"Defending Constantine;" Book Reviewed by Andrew Lohr

Peter Leithart Defends the 1st Christian Politician from His Modern Critics

Andrew Lohr
Defending Constantine: The Twilight of an Empire and the Dawn of Christendom
by Peter J. Leithart (Ph.D. Cambridge, pastor and college professor in Moscow Idaho, homeschooling father of nine, friend of mine at James B. Jordan's Biblical Horizons conferences)
IVP Academic (InterVarsity Press), Downers Grove IL, www.ivpress.com
published A.D. 2010

N. T. Wright endorses this book; to some of us, need I say more?

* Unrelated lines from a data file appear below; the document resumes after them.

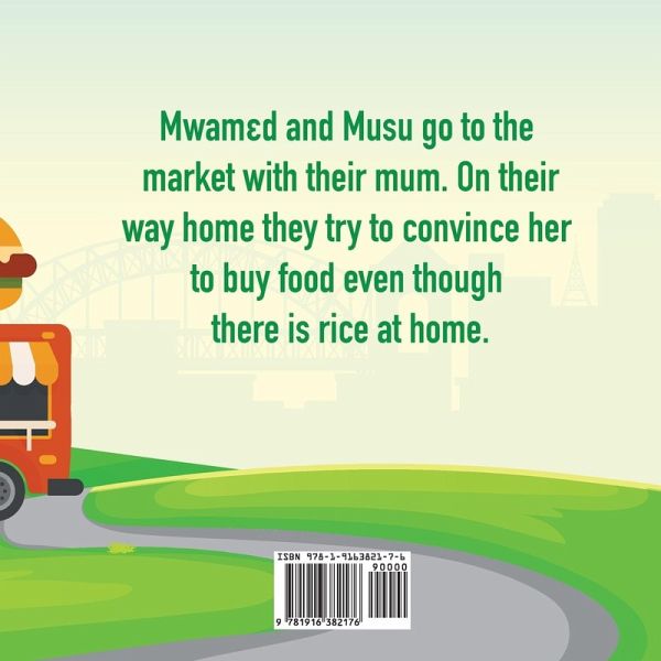 Mwamed and Musu go to the market with their mum to buy groceries for their house. On their way home they pass by different food stalls and ask their mum if they're allowed to have something to eat even though there is rice at home. If you've ever been told those words, you'll love this fun, original, children's story for your children. It has been translated into Krio (the lingua franca of Sierra Leone) by The Young Sierra Leonean initiative @Young_Salone and contains a mini glossary at the end. Suitable for any age trying to learn and practice Krio.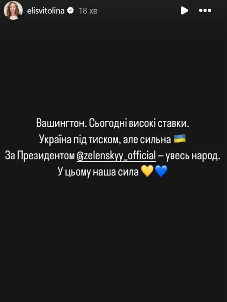 "Вашингтон. Сегодня высокие ставки. Украина под давлением, но сильная. За президентом Владимиром Зеленским – весь народ. В этом наша сила", – написала Свитолина.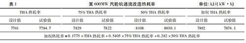 隨著火電機(jī)組利用小時(shí)數(shù)降低,發(fā)電企業(yè)一般都會根據(jù)不同負(fù)荷工況下的實(shí)際運(yùn)行小時(shí)數(shù),確定機(jī)組熱耗率考核權(quán)重,形成*終的加權(quán)熱耗率考核值??己思訖?quán)熱耗率對設(shè)備廠家末級葉片選型、高壓調(diào)門與高壓缸匹配性提出了更高的要求,在當(dāng)前負(fù)荷率偏低的情況下增強(qiáng)了發(fā)電企業(yè)的競爭力。然而,僅僅對加權(quán)熱耗率進(jìn)行考核是不夠的,設(shè)備廠家為了增強(qiáng)自身的競爭力,往往會把全部重點(diǎn)放在如何降低占比大的低負(fù)荷熱耗率上而犧牲高負(fù)荷的熱耗率,這無疑削弱了發(fā)電企業(yè)的適應(yīng)性。某廠一臺 600MW 汽輪機(jī)通流改造時(shí)僅對加權(quán)熱耗率進(jìn)行考核,THA 熱耗率要高出設(shè)計(jì)值43. 7 kJ/( kW·h) ,詳見表 1。通流改造時(shí)既要對加權(quán)熱耗率進(jìn)行考核,也要對 THA工況時(shí)熱耗率進(jìn)行考核。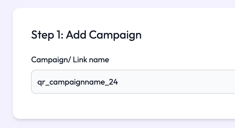 Type in the name of QR Code Campaign (we recommend a convention such as "campaign_ddmmyy")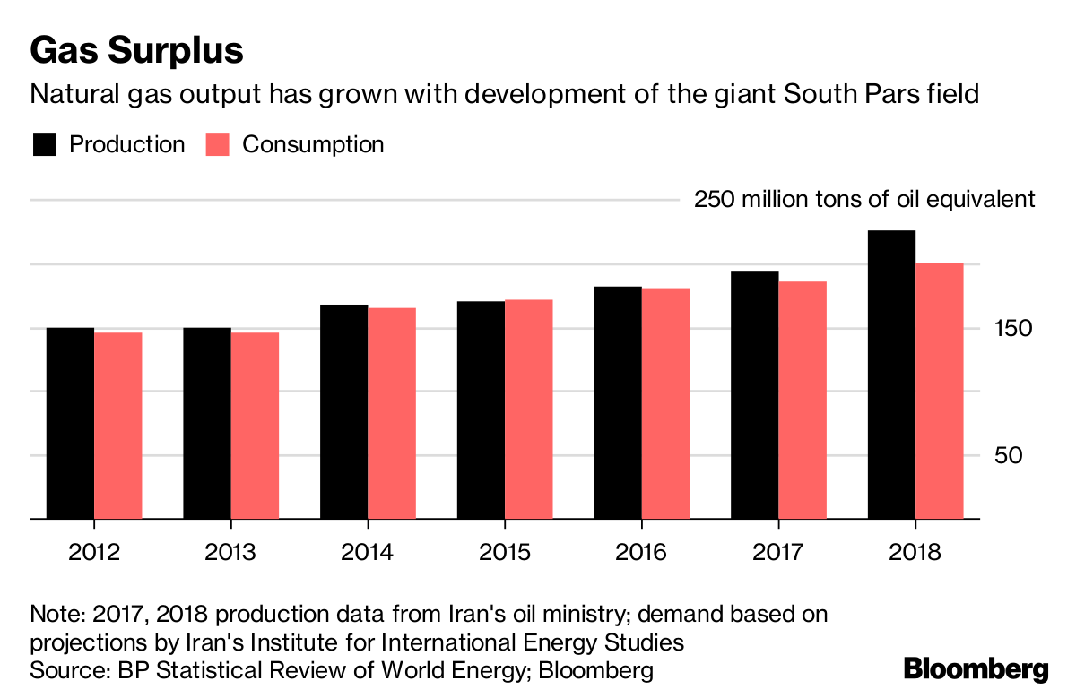 根據(jù)BP Plc的數(shù)據(jù),至少自2012年以來,天然氣生產(chǎn)和消費(fèi)量每年都在攀升。伊朗位居世界最大的天然氣儲(chǔ)量。該國(guó)在國(guó)內(nèi)使用燃料,并將其重新注入油田,以提高老化油藏的產(chǎn)量。

Constantine was the first Roman emperor to become a Christian. To some he's "Saint Constantine the Great." To others he's not. "Constantine's Sword," a recent bestseller, criticized him, and so did a Mennonite mainstream professor named John Howard Yoder. Dr Leithart, while willing to criticize Constantine occasionally, defends him.

So if you're interested in Constantine, or in Rome's change from pagan to Christian, I highly recommend this book. If, like me, you pick up a variety of books that look interesting, this is one that wasn't hard to read, that pulls together quite a bit of information--there are footnotes at the foot of most pages, and 24 pages of bibliography (2 primary, 22 secondary) without comments on the sources--and that works on a topic interesting in itself and relevant to current affairs, to religion in public life. It's not going to set new standards for well written, or for scholarship, or for how we should live, but it's well above average in all those ways; a book that won't waste your time, if you have time for this sort of book. The preface will tell you what Dr Leithart is up to; a glance at one of the earlier, more biographical chapters and one of the more theological last chapters should give you a pretty good idea whether or not you want to read it all.

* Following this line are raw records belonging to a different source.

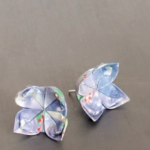Jde o náušnice vytvořené origami technikou do tvaru lotosového květu na platinové puzetě. Puzeta je z běžného bižuterního kovu, který by neměl obsahovat žádné alergenní kovy. Květiny jsou složeny z japonského yuzen papíru v barvě fialové s drobnými kvítky. Lotos má rozměr cca 1,2 x 1,2 cm. Po složení jsou náušnice několikrát nalakovány, což zajistí pevnost a odolnost proti dešti. Rozhodně však nedoporučuji koupání. Puzetu je v případě zájmu možno vyměnit za jiný druh. Je však poté potřeba počítat se zdržením dodání zboží - musím vyrobit nové náušnice. Náušnice jsou dodávány v dárkové krabičce mé vlastní výroby.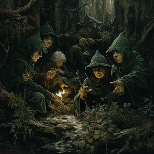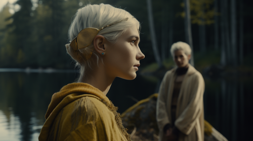 movie scene inside a forest next to a lake two realistic elfs with big heads and pointed ears next to a woman with gold hair , movie scene, oscar winning scenography, 50mm,4k, side shot --v 5.0 --ar 16:9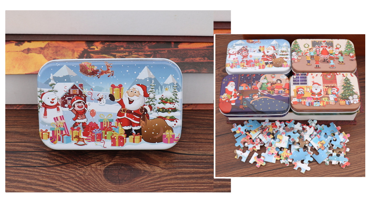 Puzzle w puszce 12,5x8x3 cm MIKOŁAJ Z PREZENTAMI 60 el.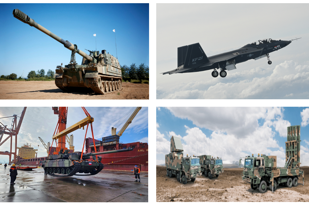 | 맨 위 왼쪽부터 시계 방향 순서대로 한화에어로스페이스 K9 자주포, KAI KF-21, LIG넥스원 천궁Ⅱ, 현대로템 K2 전차. [각 사 제공] |

It probably does set the current standard for its side of its field: scholarly, readable defense of Constantine from a trans-evangelical perspective. (By "trans-evangelical" I mean Dr Leithart (1) is an evangelical Christian (2) who gives serious Christian respect to brothers outside the evangelical box. He was ordained in the PCA but he's a Kingdom man, not just a PCA man. By "probably" I mean I don't know what competition he has, e.g. from Eastern Orthodox Constantine scholars.)

In A.D. 306, when the Roman empire had been peacefully divided into four semi-united pieces, Constantine inherited Britain and Gaul (France) from his father. In A.D. 312 he declared himself a Christian. By A.D. 325, after on-and-off civil wars, he ruled the whole empire, and called the "Council of Nicea" (a.k.a. "The First Ecumenical [whole-church] council") to try to settle the Arian controversy. (Arius claimed God the Son was a 2nd-rank God, not eternal, inferior to God the Father; bluntly, that Jesus was a god but was not God. The council, and I agree with it, affirmed that Jesus is God; see my tract "Jesus Christ is like a thigh bone.") Constantine didn't get baptized until just before he died, in A.D. 337.

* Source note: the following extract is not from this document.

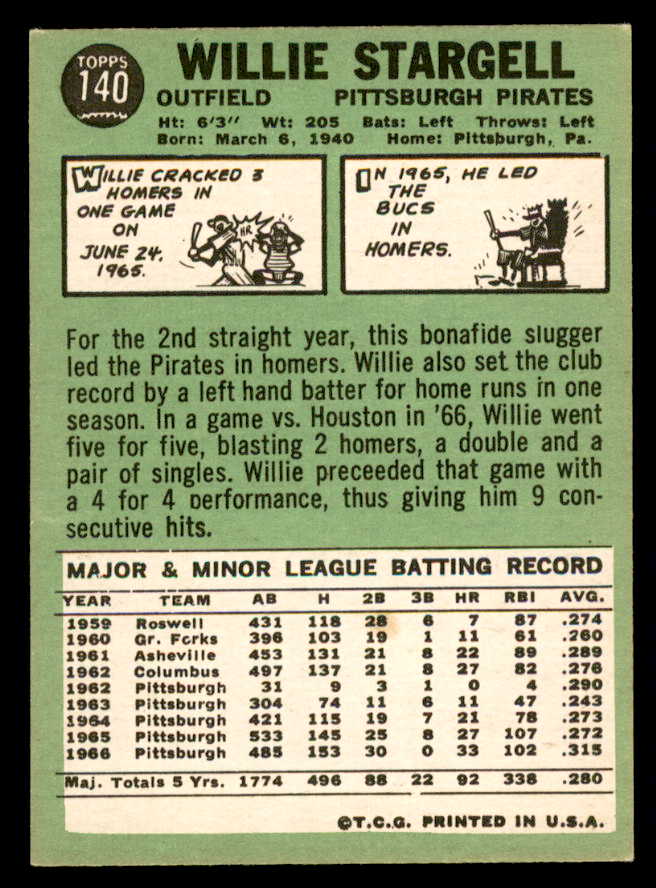 1967 Topps Baseball #140 Willie Stargell Pirates EX-MT 540993

Secular historians blame Constantine for cruelty; Yoder, a pacifist Christian, says that when church merged with state the state ran the church. Leithart goes into historical details, admitting that Constantine sometimes blew his stack and that some Christians flattered rulers, but a fair number of bishops throughout church history stood up to rulers who were doing wrong, and Constantine showed great amounts of mercy; for example, he was the first Roman ruler to outlaw rape (!) Without knowing details from the other side, I get the impression Leithart does a pretty good job of showing that Constantine did a pretty good job.

Leithart also puts Constantine into the context of his times: for example, the church had just come out of the fiercest Roman persecution ever, and how could we not be hugely grateful to an emperor who stopped the persecution and kissed the eyes of a bishop who had been blinded for Christ? (Answer: "Hallowed be Thy name"--when we really remember how great God is, we do indeed thank Him for all his blessings, but we keep them in perspective and do not make them, or the lack of them, into idols. This may also give more scope for a Christian to not just improve upon his times with the materials at hand but to improve the materials, to challenge his times and to seriously change them, as Paul and William Wilberforce, and above all Jesus, did; though every man lives in his times.)

How could it have been a better book? It does not bog down in words I don't know, but "apotropaic" (to ward off evil) and one or two more I did have to look up. If Dr Leithart chooses, like Bill Buckley of blessed memory, to use such rare words (I don't recall such from other Leithart books I've read), I wish he'd put definitions handy, especially in a book with footnotes. For a book that does come closer to setting a standard both for excellent writing and for historical scholarship when previous historians need straightening out, Theodore Roosevelt's book "The Naval War of 1812" sets an outstanding example: a story well told, with discussion of controversy along the way, including discussion of mistakes and of sources. Leithart's book, though well above average, is more choppily written, and the way he sometimes (not always) quotes his sources looks to me more like prooftexting on a point he wants to consider settled than like transparent consideration of the matter before us.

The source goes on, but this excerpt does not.